* [Data excerpt]:
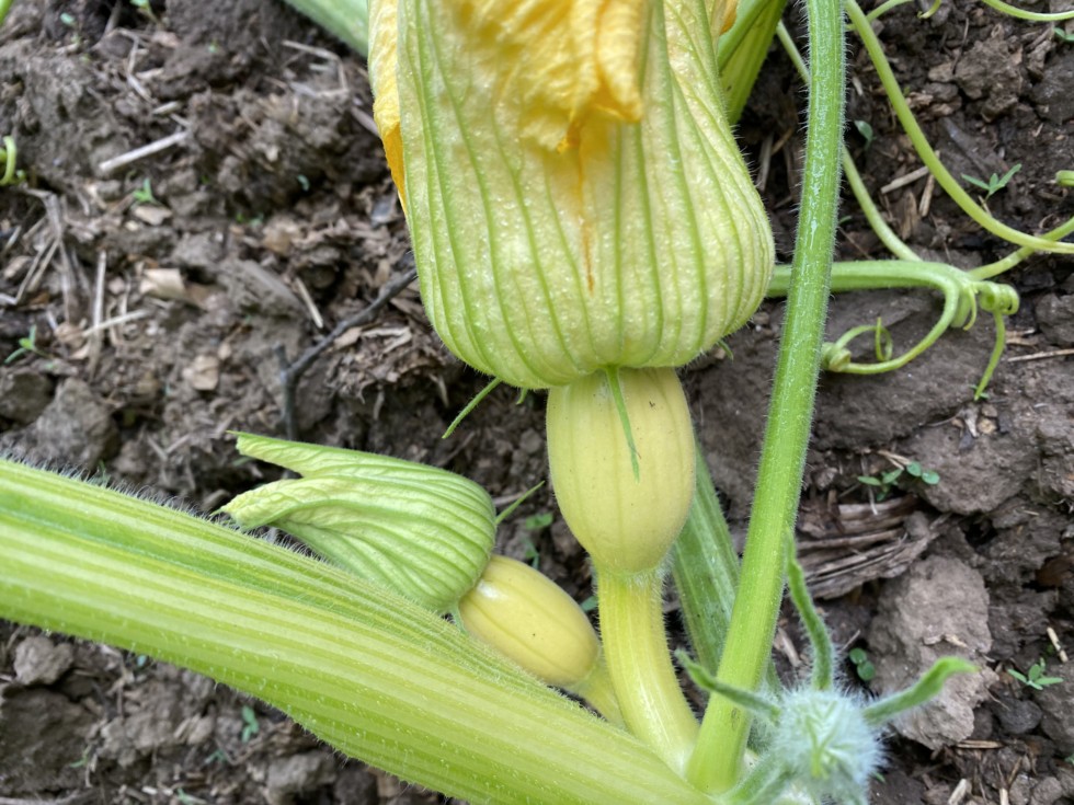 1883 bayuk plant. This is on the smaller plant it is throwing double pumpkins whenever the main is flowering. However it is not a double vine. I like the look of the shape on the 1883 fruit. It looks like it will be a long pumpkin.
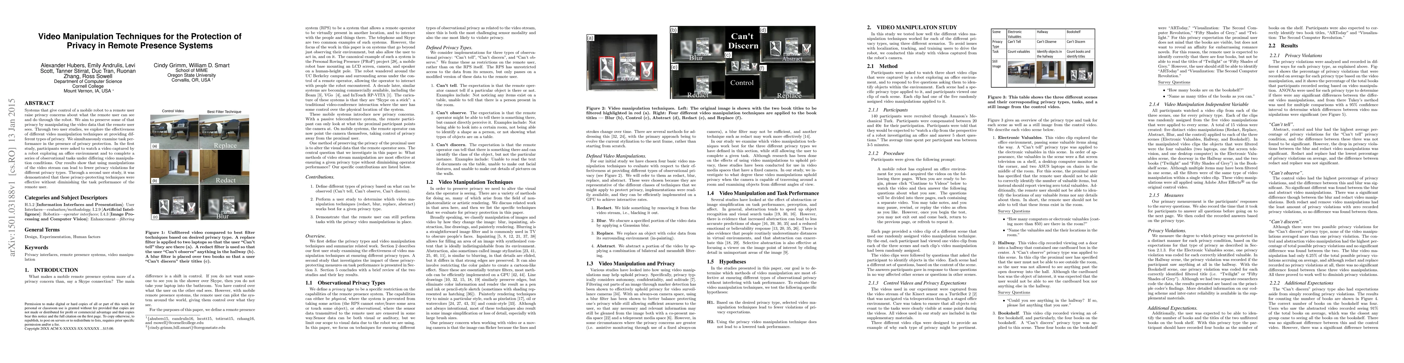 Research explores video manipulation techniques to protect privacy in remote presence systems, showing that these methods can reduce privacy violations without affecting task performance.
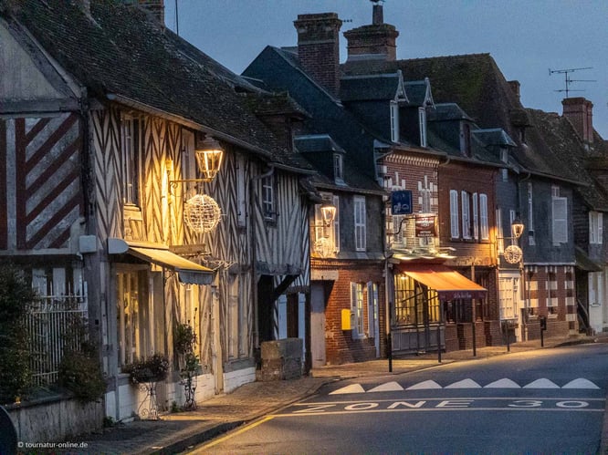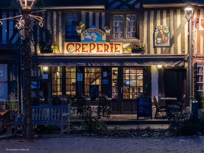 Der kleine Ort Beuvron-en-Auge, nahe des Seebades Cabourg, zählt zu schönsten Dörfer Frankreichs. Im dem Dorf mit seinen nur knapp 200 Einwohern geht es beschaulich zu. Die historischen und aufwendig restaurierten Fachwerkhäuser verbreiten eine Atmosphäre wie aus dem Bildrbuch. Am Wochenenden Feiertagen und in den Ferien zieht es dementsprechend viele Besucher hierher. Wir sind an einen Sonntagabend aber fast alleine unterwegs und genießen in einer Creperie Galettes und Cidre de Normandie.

* [Work instruction]: Your reply should be the full data above, copied exactly, with no pictures in it.

* [Completed exercise]:
 1883 bayuk plant. This is on the smaller plant it is throwing double pumpkins whenever the main is flowering. However it is not a double vine. I like the look of the shape on the 1883 fruit. It looks like it will be a long pumpkin.
 Research explores video manipulation techniques to protect privacy in remote presence systems, showing that these methods can reduce privacy violations without affecting task performance.
 Der kleine Ort Beuvron-en-Auge, nahe des Seebades Cabourg, zählt zu schönsten Dörfer Frankreichs. Im dem Dorf mit seinen nur knapp 200 Einwohern geht es beschaulich zu. Die historischen und aufwendig restaurierten Fachwerkhäuser verbreiten eine Atmosphäre wie aus dem Bildrbuch. Am Wochenenden Feiertagen und in den Ferien zieht es dementsprechend viele Besucher hierher. Wir sind an einen Sonntagabend aber fast alleine unterwegs und genießen in einer Creperie Galettes und Cidre de Normandie.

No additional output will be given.